Pasteur de l’Église protestante de Neuchâtel en Suisse, Jean-Frédéric Ostervald s’efforce de rendre le culte plus profitable pour l’ensemble des fidèles. Il commence par rédiger un argument pour introduire chacun des livres bibliques, puis pour chaque chapitre un sommaire qui en présente les thèmes principaux et enfin une conclusion qui rappelle au lecteur l’essentiel des vérités exprimées dans le chapitre.
L’archevêque de Cantorbéry obtient d’Ostervald l’autorisation de traduire en anglais le texte de ses Argumens et Reflexions sur l’Ecriture Sainte. L’Ancien Testament paraît en 1716 et le Nouveau Testament en 1718 alors que le texte français n’a pas encore été publié. Devant la menace de voir utiliser une improbable traduction d’anglais vers français, Ostervald accepte que son texte soit publié en 1720 à Neuchâtel. En 1724, paraît une édition de la version David Martin à peine révisée, assortie des Argumens d’Ostervald.
Même s’il a passé toute sa vie à méditer les Écritures, c’est seulement en 1742 qu’il entreprend une révision complète de la Bible de David Martin. Il travaille rapidement, en deux ans, et sans abandonner pour autant ses activités pastorales. Alors qu’il a quatre-vingt-un ans, il fait paraître à Neuchâtel en 1744 une nouvelle édition revue, corrigée et augmentée. Ostervald précise dans son introduction que sa logique de révision a été « de faire les corrections qui paraissaient nécessaires, de changer des expressions et des manières de parler qui ne sont plus en usage et pourraient causer de l’obscurité ».
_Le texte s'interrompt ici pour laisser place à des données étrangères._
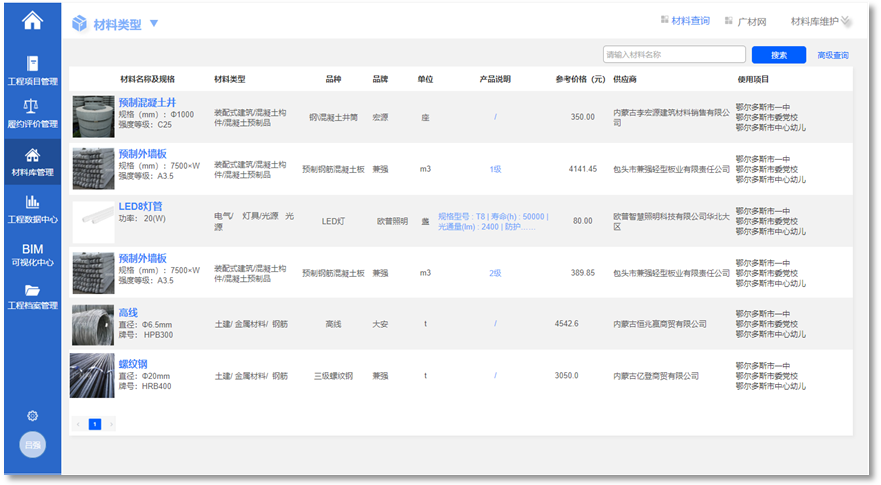 材料庫主要對項目過程中已使用材料的類型、名稱、參數(shù)、價格、型號以及所用項目進行管理,方便在新建項目時快速定位同類型、高品質(zhì)、價格合理的材料。

Cette édition propose en outre de nombreuses notes pour faciliter la lecture des Écritures à ceux qui sont peu familiers du monde antique ou pour expliquer telle ou telle traduction littérale qui pourrait décontenancer le lecteur.
La Bible Ostervald a connu une audience exceptionnelle dans le monde protestant jusqu’à la fin du XIXe siècle, ce que son auteur était loin d’imaginer. On l’a rééditée plus de quarante fois entre 1744 et 1899. Elle présente l’avantage de s’inscrire totalement dans la tradition réformée en corrigeant de façon assez minime la version David Martin qui elle-même reprenait la Bible de Genève. Mais la prédominance de cette version jusqu’au XIXe siècle révèle plutôt la faiblesse endémique du protestantisme francophone, très affaibli par l’opposition à laquelle il a dû faire face de la révocation de l’édit de Nantes en 1685 jusqu’à l’édit de Tolérance en 1797.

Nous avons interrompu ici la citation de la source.